The placing – to "certain institutional investors", according to Sibanye's statement – is being conducted through an accelerated bookbuild, to be launched immediately following the announcement.
It will apply to over 100 million new ordinary no par value shares in the authorised but unissued share capital of the company, representing some 5% of its existing issued ordinary share capital base.

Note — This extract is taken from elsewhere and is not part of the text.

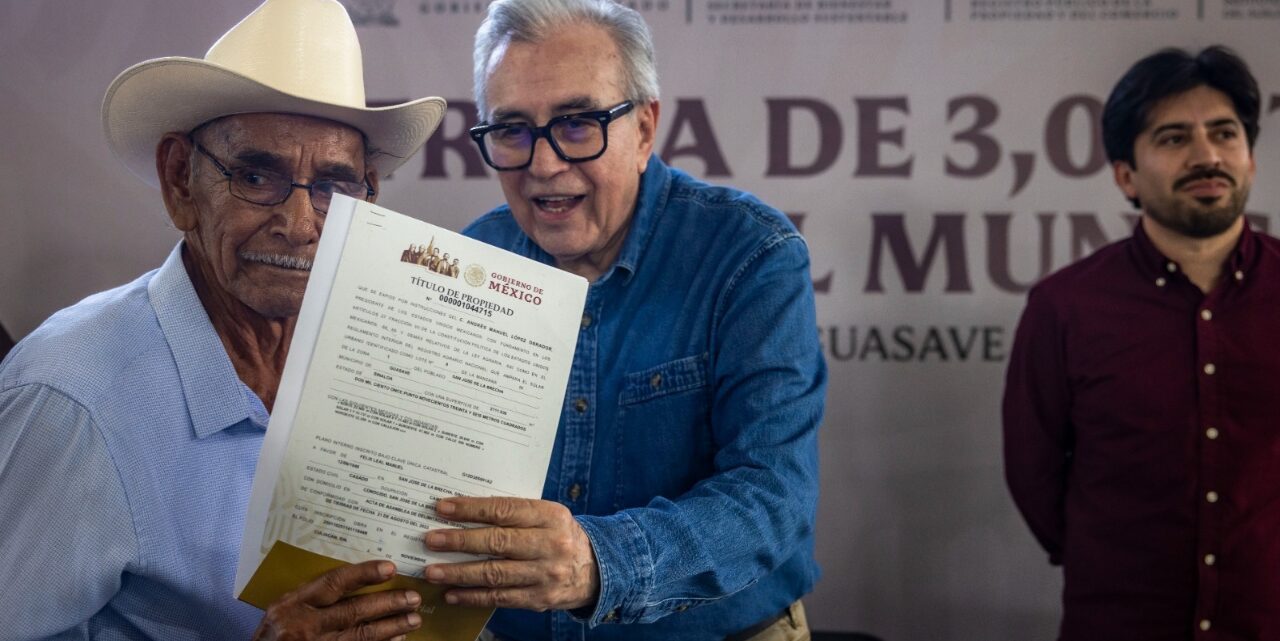 Guasave, Sinaloa. – En un acto que consideró de elemental justicia social, el gobernador Rubén Rocha Moya hizo entrega a 3 mil 16 familias de sus títulos de propiedad, documentos que les otorgan la certeza jurídica de su patrimonio, las cuales radican en 42 núcleos ejidales y zonas urbanas del municipio de Guasave.

This is the maximum allowed under current authorities, Sibanye said.
Based on the current share price, the proceeds would amount to around R1.8bn or US$130m, the statement added.
JP Morgan Securities is acting as sole bookrunner.
"Consistent with our three-year strategic goals, proactive steps to address our balance sheet leverage were taken during 2018, with US$400 million of the US$500 million stream transaction successfully applied towards reducing long term debt," Sibanye said.
"Significant progress on our deleveraging strategy was, however, delayed by the sharp decline in adjusted EBITDA from our SA gold operations in 2018."
The company also cited safety-related and "other operational disruptions" that severely impacted production.
It further referred to the Association of Mineworkers and Construction Union (AMCU) strike, which began on 21 November 2018.
"In order to ensure that any potential upcoming events can be negotiated in a strategically appropriate manner, as well as to favourably position the Group for any unforeseen external macro-economic downside risks during this period, management deems it prudent to ensure sufficient financial flexibility for the Group through the proposed placing," Sibanye said.
On Monday, Fin24 reported that according to AMCU, thousands of jobs will be lost at Lonmin over a three-year period following its merger with Sibanye-Stillwater.
AMCU lodged an appeal before the Competition Appeal Court to set aside a 2018 decision by the Competition Tribunal approving the merger.